* What is required: Nothing but an exact copy is asked for: the lines in the material below from the one with "Dick Cemetery on" through the one with "Ο γωνιακός τροχός", pictures excluded.
══ Raw data
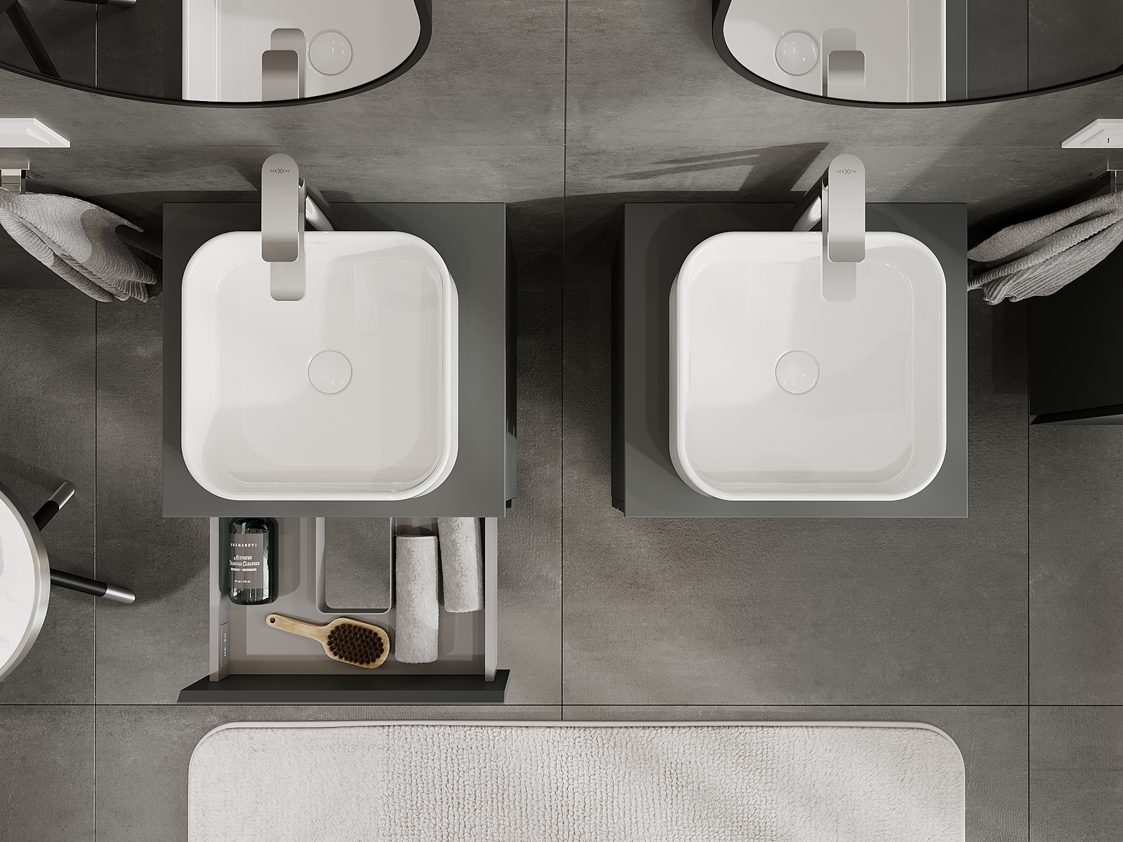 Nuestros muebles de baño modulares se pueden combinar en diferentes configuraciones de color, lo que permite una personalización completa. Se puede elegir tanto el aspecto como las funciones de los distintos elementos, lo que permite adaptar los muebles a las propias preferencias estilísticas y de uso.
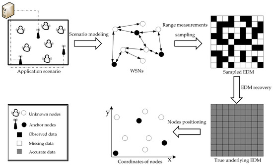 At present, the typical range-based localization methods include two steps: (1) using certain ranging methods to measure the distance between nodes, such as Time of Arrival (ToA), Time Difference of Arrival (TDoA) and Received Signal Strength Indicator (RSSI); (2) using the range measurements combined with the location of anchor nodes to calculate the position information of unknown nodes. The popular localization method called Maximum Likelihood (ML) is asymptotically efficient [14] with enough data records. Tomic et al. [15] built a new convex estimator that approximated the ML by applying efficient convex relaxations, which reduced the estimation errors. In references [16,17], WSNs localization problem is treated as a variant of EDM recovery problem or graph implementation problem. By using the range measurements between nodes and introducing the slack variable to convert non-convex quadratic distance constraints into linear constraints, the authors formulated the WSNs localization problem as a Semi-Definite Programming (SDP) problem, and designed an efficient optimization method to solve the proposed problem. References [18,19] employed the classical MDS method to map the distance relationship between wireless sensor nodes to low-dimensional space, and generated a relative coordinate map which fitted well the distance relationship between nodes. Then, a few anchor nodes were used to convert the relative position to the global position. However, the above methods did not work well in real application scenarios. In general, these methods required complete and accurate EDM. Unfortunately, due to the requirement of energy-saving and the effects of potential node anomaly and complex noise, the existing range-based node localization methods often suffer from incomplete and detorted range measurements. In addition, the ML method and SDP method could be only used to solve a small-scale problem because of its high computational complexity.
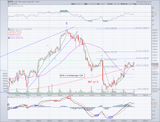 The market bounced as expected today and found resistance exactly at the 38.2% retrace of the X or W1 wave at 1324. So now we'll see how much more strength this bounce before resuming another bearish wave to test the 1300-1310 level which so far has held up fairly well despite several bearish attempts. And if the bearish wave fails to beak this support area we will most likely then test the 1363 wave high again. The market looks undecided at this point which actually favors the bullish case as long as the over all trend is positive. Perhaps the market is waiting for more EU information before making its mind.
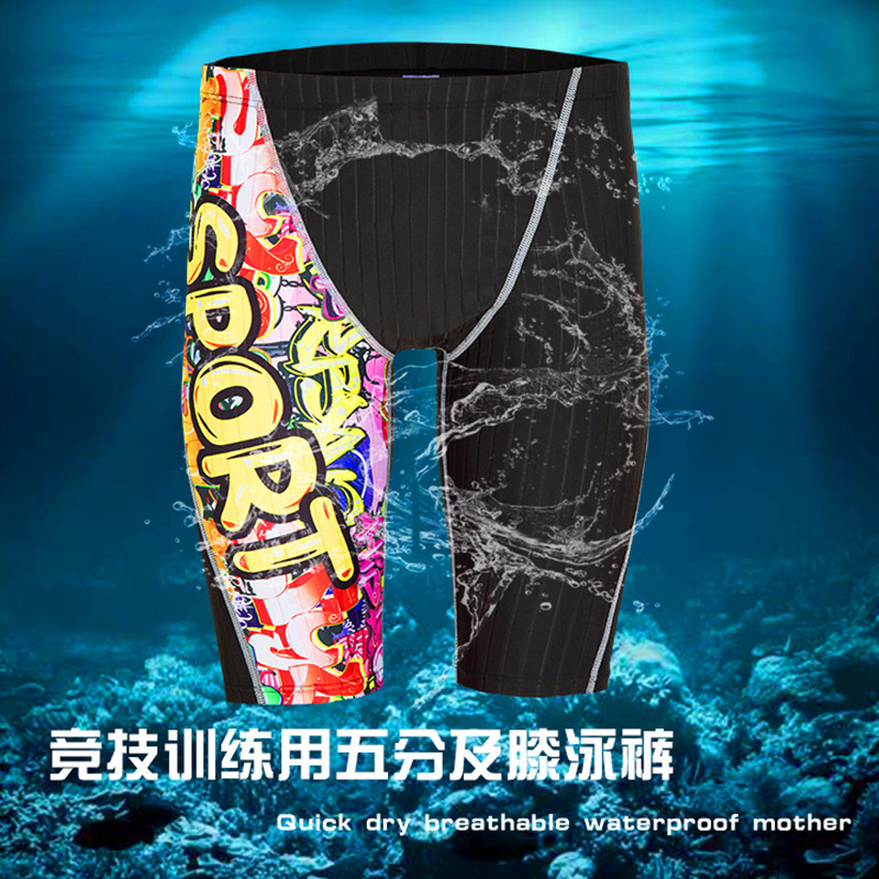 수영 트렁크 남성용 당황 방지 5 점 수영 트렁크 속건 레이싱 스포츠 남성용 중간 다리 전문 훈련 수영 트렁크 패션스토어 가기
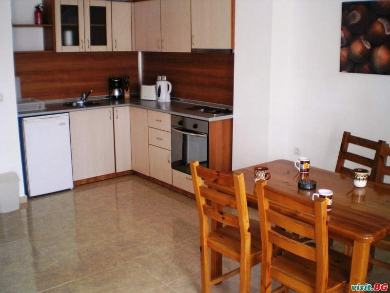 Кухненско обзавеждане:кухненски плот с шкафчета и мивка, хладилник, фурна с котлон, аспиратор, тостер, кафе машина, термо кана, пълен комплект кухненска посуда, порцеланови и стъклени чаши, чинии и прибори.
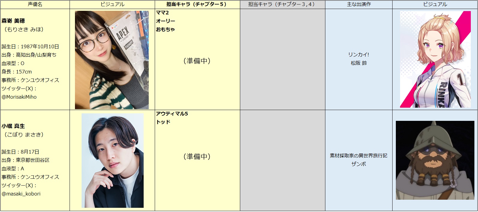 キャラ画像は順次更新します!
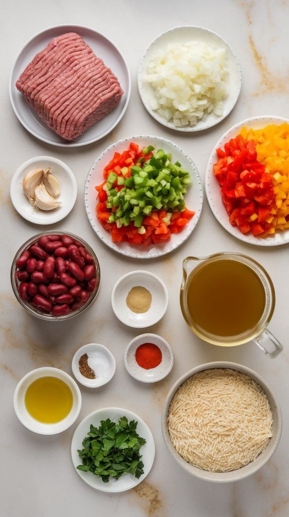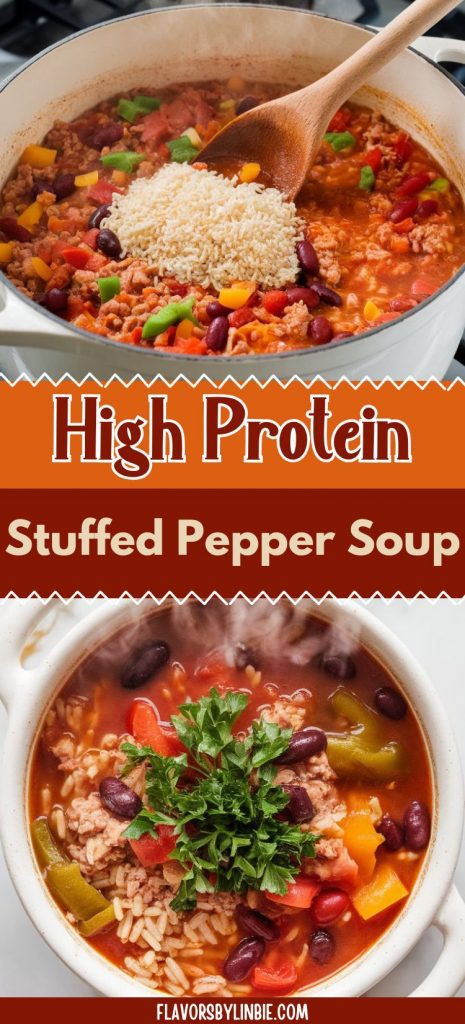 The rice soaks up the broth and releases starch, which naturally thickens the soup. The peppers simmer gently, softening without losing all their texture. Using lean ground turkey boosts protein while keeping fat low. Tomatoes add acidity, balancing the sweetness of the peppers.
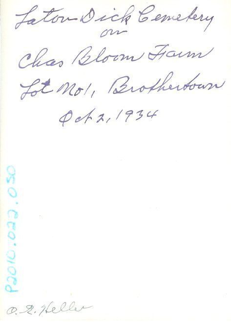 "Laton Dick Cemetery on Chris Bloom farm, lot no.1, Brothertown, Oct 2,1934" and written in the bottom right corner "O.E. Heller"Location
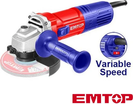 Ο γωνιακός τροχός Emtop EAGRS09051 διαθέτει ισχύ 900W και ρυθμιζόμενη ταχύτητα, με διάμετρο δίσκου 125mm και σπείρωμα άξονα M14. είναι ιδανικός για κοπή και λείανση μετάλλων, ξύλου και πέτρας
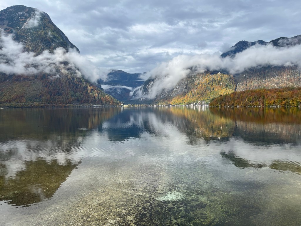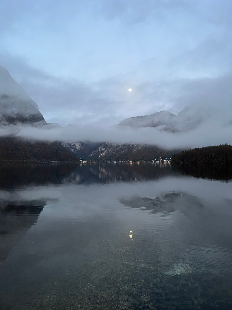 Heute morgen sind Puschel und ich wieder zum Bäcker gelaufen. Da es nachts geregnet hatte, war der Nebel höher als gestern und man konnte bis Hallstatt über den See sehen, sehr schönes Bild und alles noch recht friedlich.
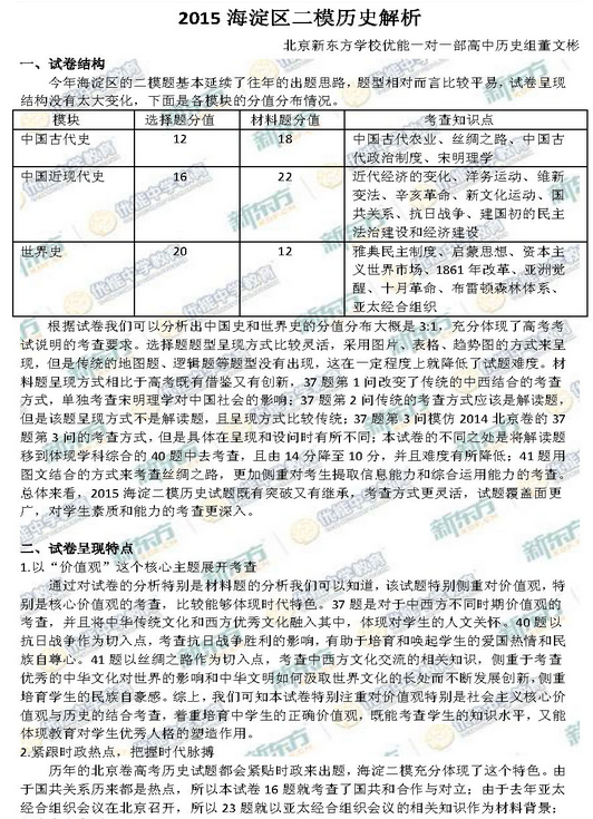 北京市海淀区2015届高三二模历史考试已经结束,新东方在线高考网特别整理《新东方名师解析2015海淀高三二模历史试题》,供高三考生参考。更多2015年北京高三二模试题及答案请关注新东方...
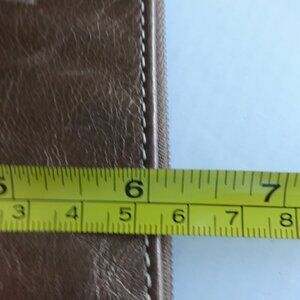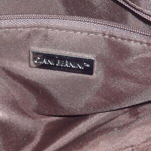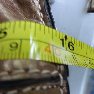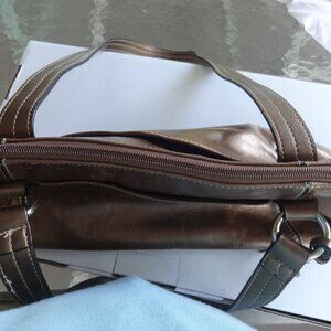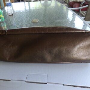 Giani Bernini leather copper color shoulder bag, top zipper closure, front and back outside pockets, inside zip pocket, two inside small open slips 16" x 6" x 4" wide bottom, very soft leather, brown cloth inside very good condition, very clean white stitching, silver tone hardware business, business casual, everyday wear, minimalist , cruise, vacation, classic, chic,
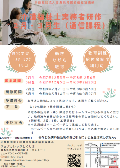 ◎ 【募集開始】 介護福祉士実務者研修(通信2・3月生)
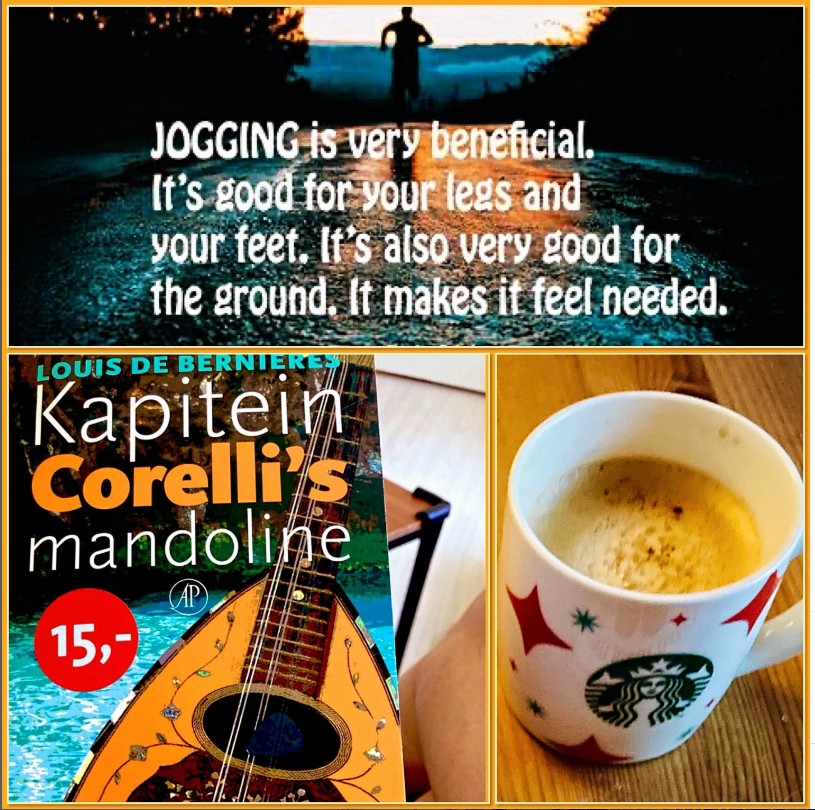 Op deze pagina dus mooie, interessante, niet begrijpelijke, of wat dan ook eerste zinnen uit gelezen boeken. Met het boek waar ik mee aftrap op deze pagina had ik het geluk dat het voor de helft van de getoonde prijs verkocht werd. Een puur boek pareltje ook, dat kan ik er wel bij verklappen. En omdat ik naast lezen ook graag jog en van koffie houd, is een en ander samengebracht in een collagefoto.
════
* Answer below:
 "Laton Dick Cemetery on Chris Bloom farm, lot no.1, Brothertown, Oct 2,1934" and written in the bottom right corner "O.E. Heller"Location
 Ο γωνιακός τροχός Emtop EAGRS09051 διαθέτει ισχύ 900W και ρυθμιζόμενη ταχύτητα, με διάμετρο δίσκου 125mm και σπείρωμα άξονα M14. είναι ιδανικός για κοπή και λείανση μετάλλων, ξύλου και πέτρας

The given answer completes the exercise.